Prior to arrival, I had been warned on three separate occasions about how little there is to do in Vientiane, the implication being that a stay there should be as brief as humanely possible.
I found, however, that two nights in Laos’ charming capital, was a great way to learn more about the laid-back, beautiful country.
A 15 minute walk from the city centre, my visit to COPE (on Khou Vieng Road) proved to be a very moving, informative and powerful experience.
The centre is the main source of artificial limbs, walking aids and wheelchairs in Laos. But it is also a tribute to Laos’ unideal title of “most heavily bombed country per capita”. As I learnt, about 80 million of the 270 million bombs dropped on Laos (Vietnam War spillover) failed to explode.
So, the visitor centre educates about the dangers of and recovery from the cluster bombs that still occupy much of the country. 30% of those that COPE helps are victims of these bombs exploding (many poor, rural villagers try and make a living from collecting scrap metal, putting them at risk).

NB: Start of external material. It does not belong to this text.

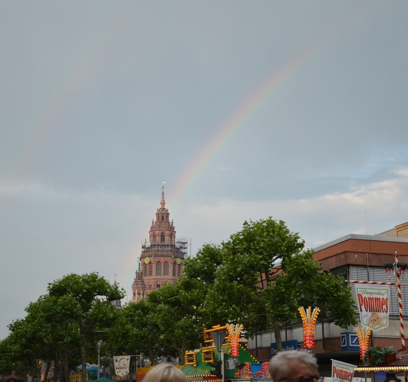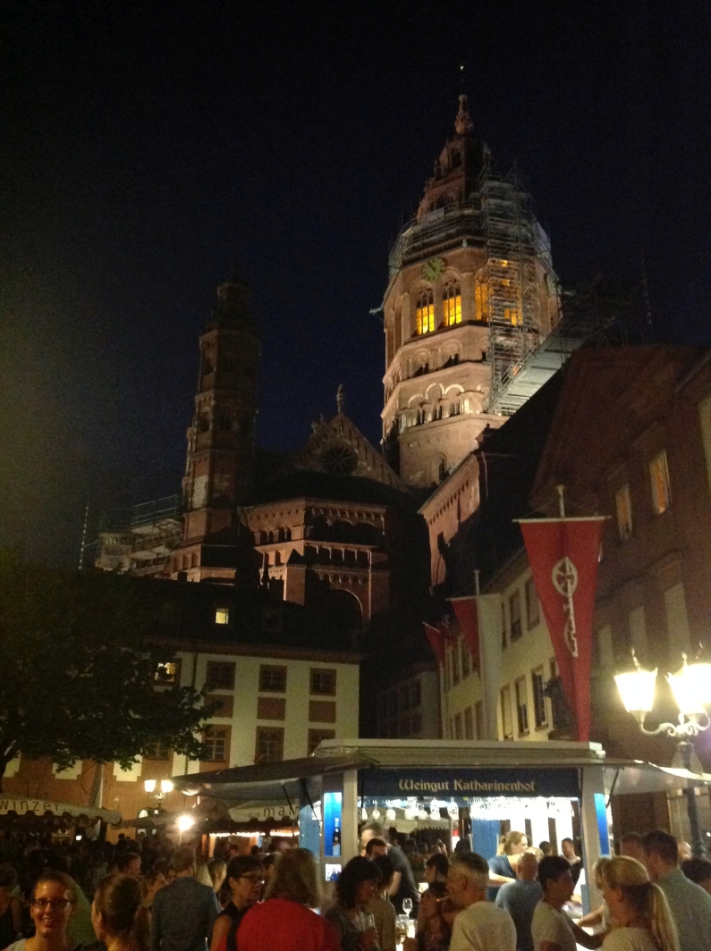 Und wie: In Scharen strömten die Menschen in die Innenstadt, flanierten über die LU, lauschten den ersten Bands auf dem Schillerplatz. Im Weindorf auf dem Markt zu Füßen des Doms gab’s auf den Bänken keinen einzigen freien Platz mehr, auf dem Leichhof herrschte dichtes Gedränge rund um die Stände der Mainzer Winzer. Es war aber auch eine zauberhafte Nacht: Zu den warmen Sommertemperaturen gesellte sich gelegentlich ein leichtes Lüftchen, die Wolken verzogen sich vom Himmel – und Petrus segnete Dom und Fest mit einem wunderbaren Regenbogen.

I knew little about any of this history, so found it particularly interesting, though, obviously, distressing. Though small, the centre was well organised and the staff were happy to help. As well as a main room, there’s a cinema-type section with various documentaries on UXOs (unexploded bombs) and the many countries suffering because of their usage in war.
The stories of young, innocent people suffering because of war’s consequences were genuinely heartbreaking.
The exhibitions also contained explanations of the services COPE provides: from prosthetics to therapy, all the while covering all costs for rural families that can’t afford help.
If a relatively cold-hearted cynic like me could be so touched by the horrors, the stories and the much needed help, then I don’t doubt that anyone would be. These examples illustrate the amazing work much better than I can:
Entry was free, which I think is misguided. Anyone knowledgeable about COPE would happily pay a few pounds, at least, to assist in fundraising efforts. But the gift shop and cafe on site are a good way of helping, since all proceeds go to COPE’s work.
Overall, a great use of two hours and an even better cause.
After a fab lunch at Lao Kitchen, a sunset by the river and a browse in the nearby night market, it was time for another meal and another great organisation.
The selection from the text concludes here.